Figure 8 manifest the influence of relaxation factor \( \bar{\alpha } \) of a fluid on velocity profile during SWCNT plus MWCNT nano particles presence. The earlier figure conceals surprising reflection that, from outward, it explains velocity profile not notably interrupt by \( \bar{\alpha } \), if browse carefully means when φ < 1 it appears the velocity falls.

Aforementioned one occurs as a result of the actuality that \( \bar{\alpha } \) illustrate the relaxation time of fluid generally familiar as Deborah number, that performance significant work as an account of viscoelastic materials. When \( \bar{\alpha } \) < 1 such as the memory duration is lesser then deformation duration α is proportion among the relaxation time and time of deformation. Consequently, the fluid designates as absolutely viscous. If \( \bar{\alpha } \) > 1, fluid resembles as elastically solid. Hence, base liquid as engine oil that considered as merely viscous in nature. Therefore, we presume \( \bar{\alpha } \) < 1 as in our study. Like \( \bar{\alpha } \) growth, the viscosity amplifies consequently momentum of fluid declines. Hence, in association of CNTs of both types the thickness of momentum boundary layer is falling function of \( \bar{\alpha } \).

Figure 9 exhibits the influence of thermal relaxation time (γ) over temperature distribution. Thermal relaxation factor is determined like slow response of heat flux. When n = 0 the determined heat flux model, is changed towards Fourier’s law. By progressive measures of γ, the thickness of thermal boundary layer goes down and also the rate of reduction is grater for MWCNT nano fluid in both cases. This peculiarity is noticed due to the reality that, SWCNTs thermal conductivity is greater from MWCNTs. Henceforth for SWCNT nano fluid transfer of disintegrate quickly when delay reaction of heat flux amplifies. By multiplying thermal radiation factor Nr, a flourishing in distribution of temperature is detected from Fig. 10 about SWCNT and MWCNT nano fluids as well. Because furtherance in radiation factor inferred reduce in Rosseland radiation absorptive. Therefore, variance of heat flux radiation qr enhances such that co-efficient of absorption is reduced. Thus, transferred of heat radiation rate of the fluid rises accordingly temperature of fluid grows.

The MDDIM solutions of dimensionless temperature distribution θ(ς) for different values of Biot number Bi displayed in the Fig. 11. The better convention contributes to the peak surface temperatures that significantly magnifies the temperature and the thicknesses of thermal boundary layer increased.

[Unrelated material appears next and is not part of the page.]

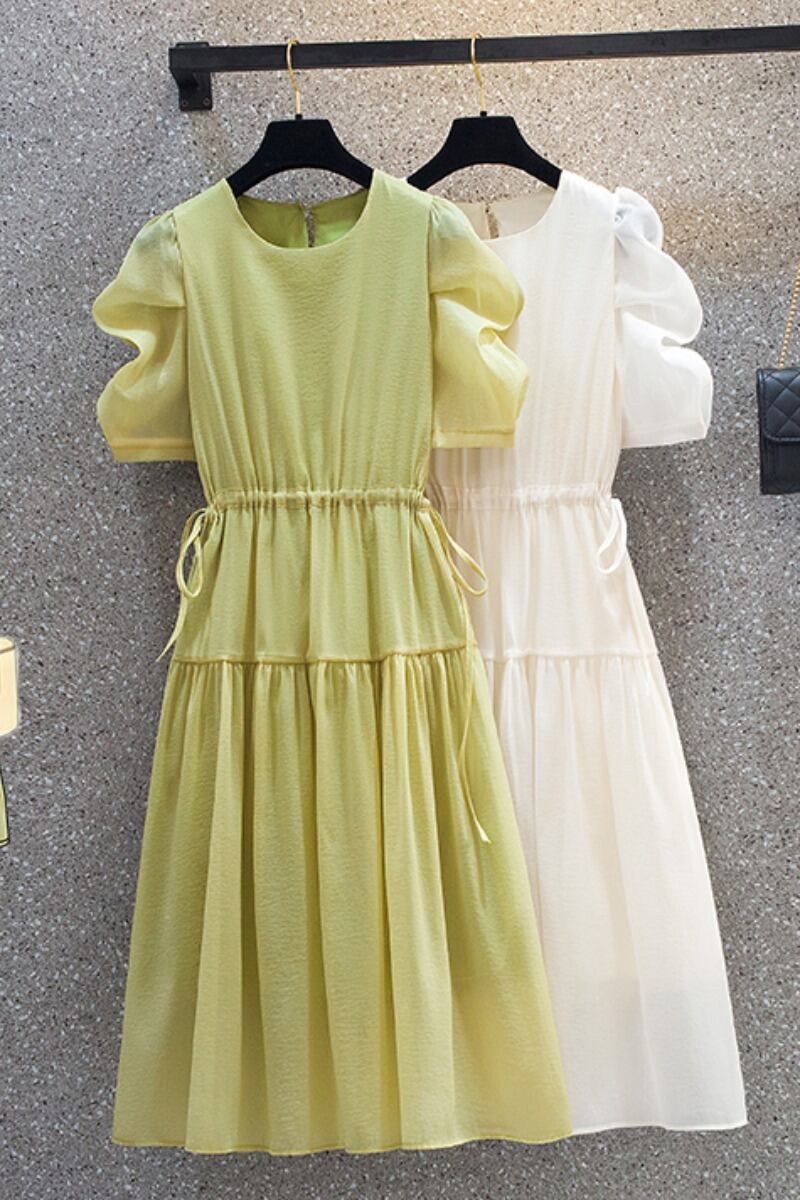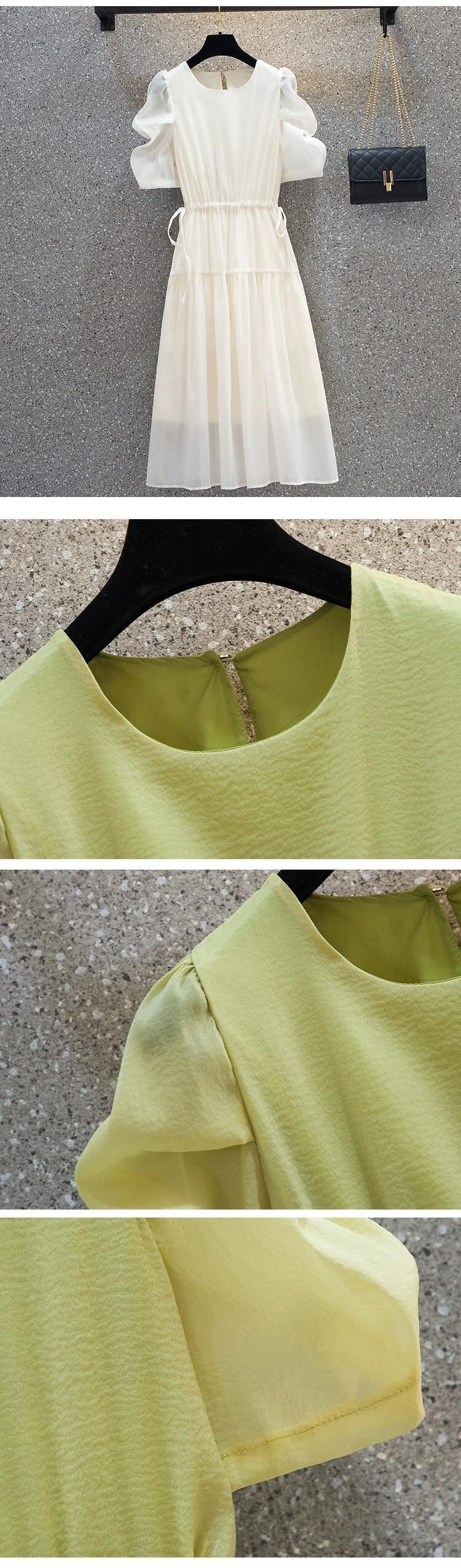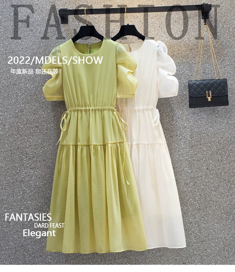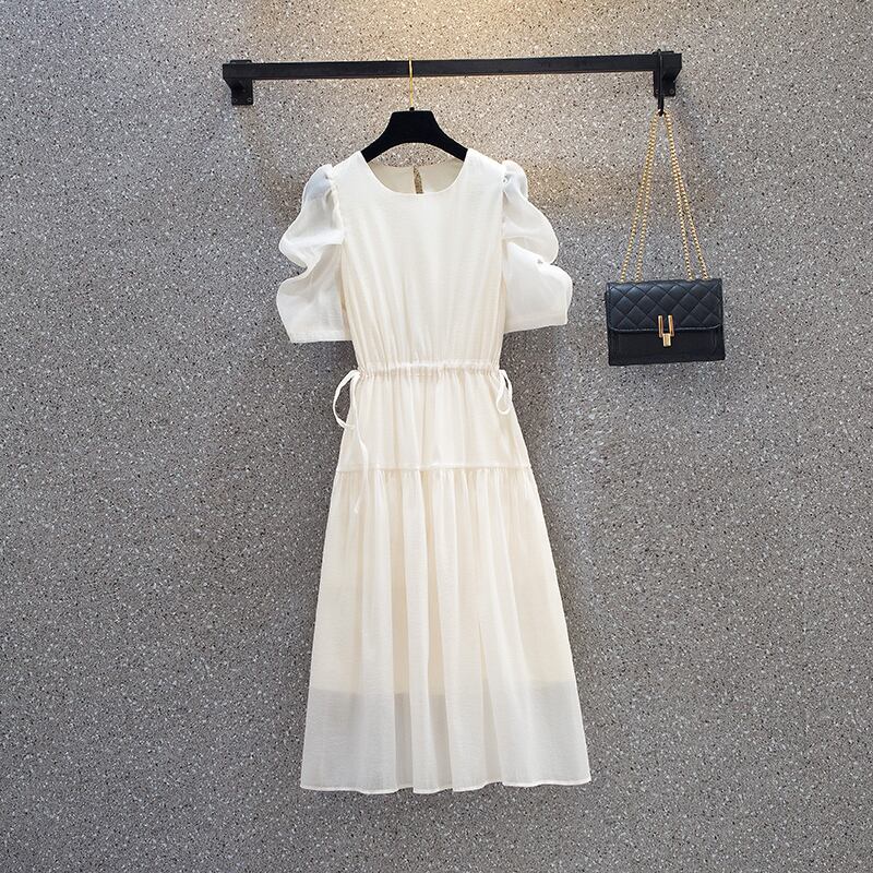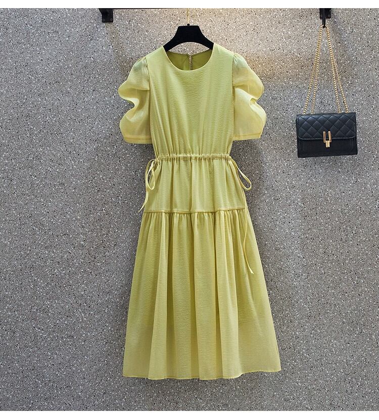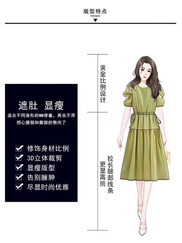 プラスサイズの婦人服 2023 夏の新脂肪姉妹ファッションデザイン巾着ネクタイベルトカバーヒップウエストウエストドレス 大きめサイズ サマー 夏物 ハーネス 8884193336144123

In Fig. 12 we embellished the fluctuations of temperature beside Prandtl number during both CNTS. Note that, Pr = 0.7 is representing the air. We also ascertained that rise in the Prandtl number reduces in the temperature of fluid actually it defines that for greater Prandtl number thermal boundary layer gets delicate. Prandtl number indicates, momentum distribute as well as thermal distribute ratio. Therefore, Prandtl number utilizes to enhance the cooling rate in convective flows.

Conclusions

In this present article, we analyzed the effects of thermal radiation over CNT-engine oil-based Maxwell-nano fluid with heat flux model by Cattaneo–Christov, through a non-linear elongated surface. SWCNT and MWCNT are considered as nano particles because of their greater thermal conductivity as well as thermal expansion.

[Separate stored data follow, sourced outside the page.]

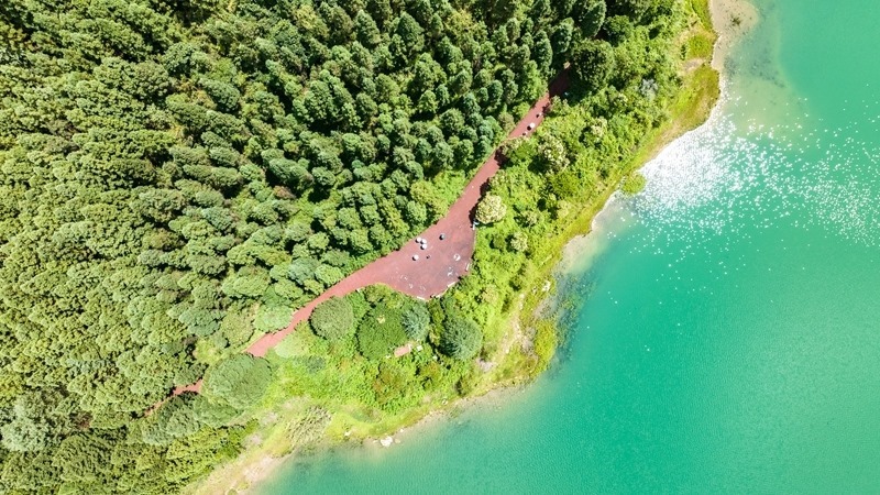 7月30日,游客在瑤池公園內(nèi)漫步游玩(無人機照片)。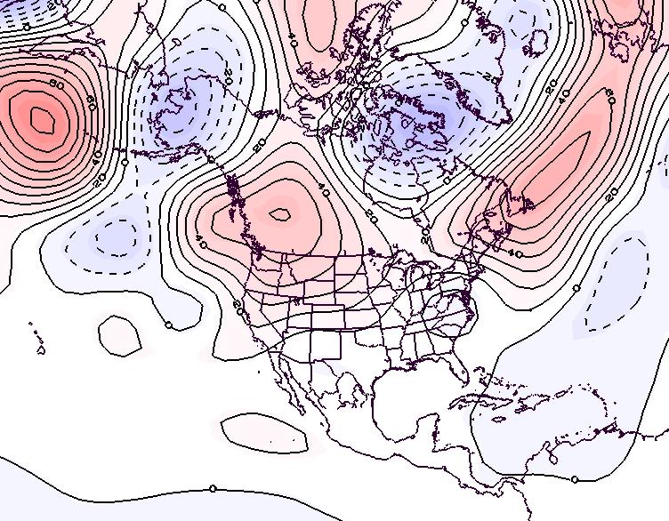 - Figure 7. 500 hPa geopotential height anomalies for August 2022. Negative (blue) anomalies indicate the presence of an anomalous jet stream trough while positive (red) height anomalies indicate the presence of an anomalous jet stream ridge.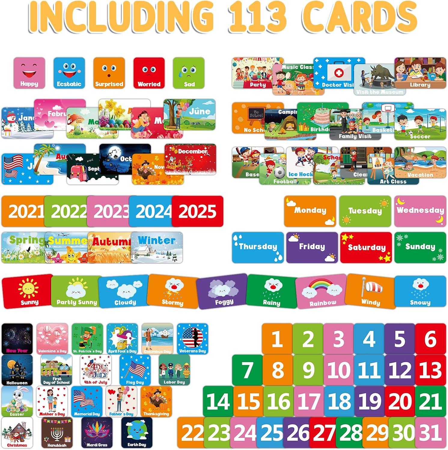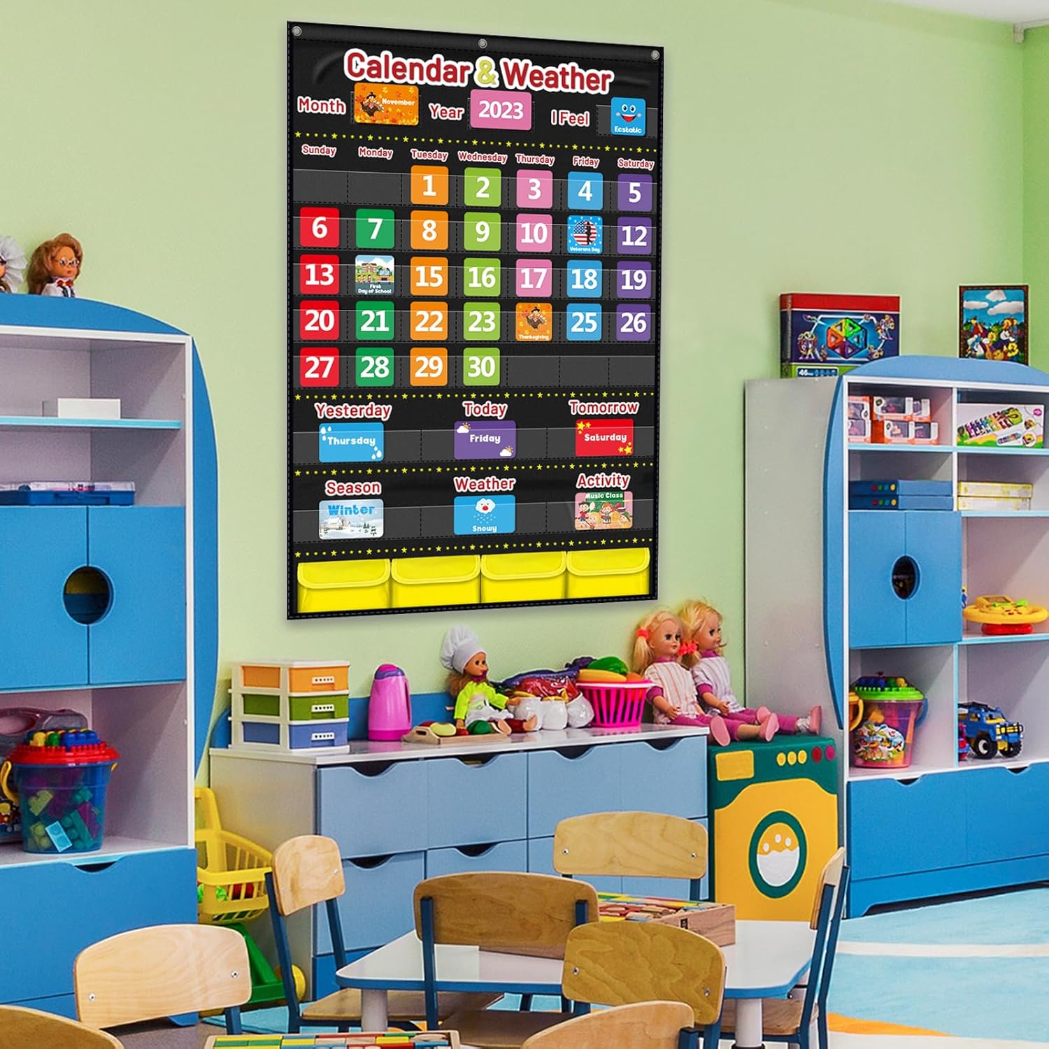 🌟【Calendar & Weather Pocket Chart】44.5"x28" Educational Calendar Set|113 Learning Cards|Special Education Time Concept Tool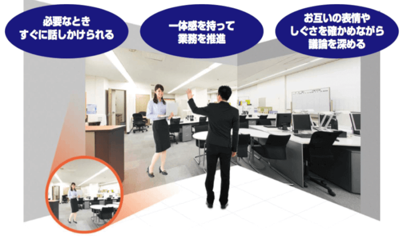 キャッチコピーは「空間と空間をつなぐ」です。臨場感があるので、業務の効率が上がりそうですね。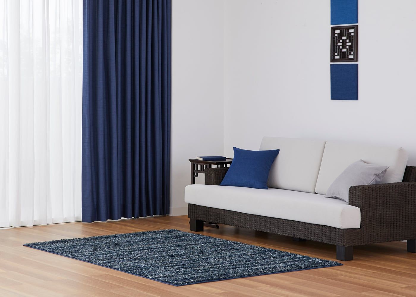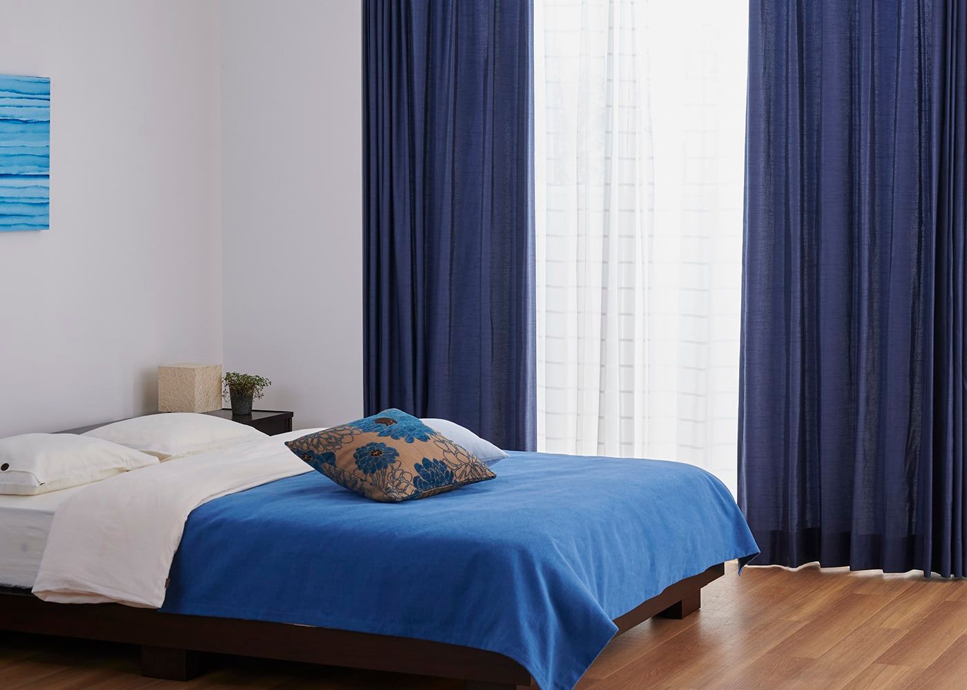 壁面装飾を添えた、深みのある青でまとめたブルーのインテリアで心を落ち着かせてくれる空間を演出してみては。(写真はブルー プリーツ2倍ヒダ)

Observed points from the current examination are listed below:

  1. 1.

    In the presence of magnetic field velocities as well as temperatures are changed in the opposite manner.

  2. 2.

    Velocity as well as temperature of SWCNT lower than that of MWCNT.

  3. 3.

    For both SWCNT as well as MWCNT on enhancing the values of Nr and Bi temperature raised considerably.

  4. 4.

    The values of skin friction co-efficient, Nusselt number are more concerning MWCNT than those of SWCNTs.

The outcomes demonstrate that the MDDIM is efficient and adequately powerful for use of solving many fluid flow problems. This model contributes advanced characteristics which gives inspiration for further investigations.